To this day, I do not know his name, or even what country he is from. But I do know that at a very tender age he made a sacrifice to help a stranger. If that is not the definition of the neighbor-love Christ calls us to, I don’t know what is.

After several years of struggling with a blood disorder that doctors could not quite figure out, specialists at the Mayo Clinic had finally determined that I had aplastic anemia, a rare condition in which the bone marrow stops producing enough new blood cells. They felt that the best hope for a cure was a bone marrow (stem cell) transplant. This meant I would need to take a leave from my job as a young assistant professor of theological ethics at Creighton University in Omaha, Neb. To be near my family, I traveled to Connecticut and started working with a hematologist at Yale University. He was optimistic that a transplant could help me, and even felt that it could cure the underlying lupus I had been diagnosed with a decade earlier.

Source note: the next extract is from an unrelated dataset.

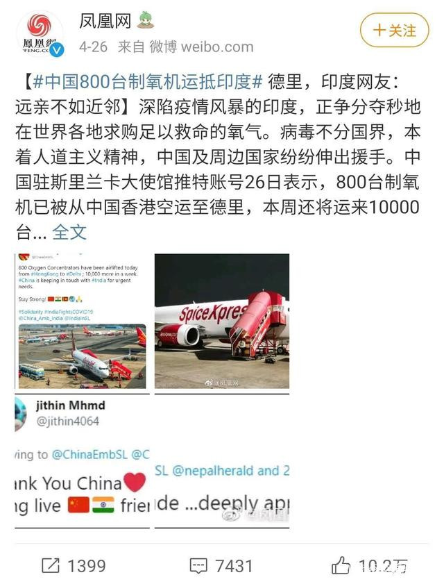 4月26日,800台製氧機已由中國順利運到了印度,但這只是開始,一週內還將有萬台製氧機送達。

Three years ago, my life was saved by a 21-year-old man I have never met and may never know.

But I would need help from an anonymous donor—my only sibling was not a match, and I had no other immediate relatives who were eligible for testing.

In most cases, the donor’s stem cells do not need to be taken directly from their bone marrow—instead, the cells are drawn from their peripheral blood supply in a procedure that is only somewhat more onerous than giving blood.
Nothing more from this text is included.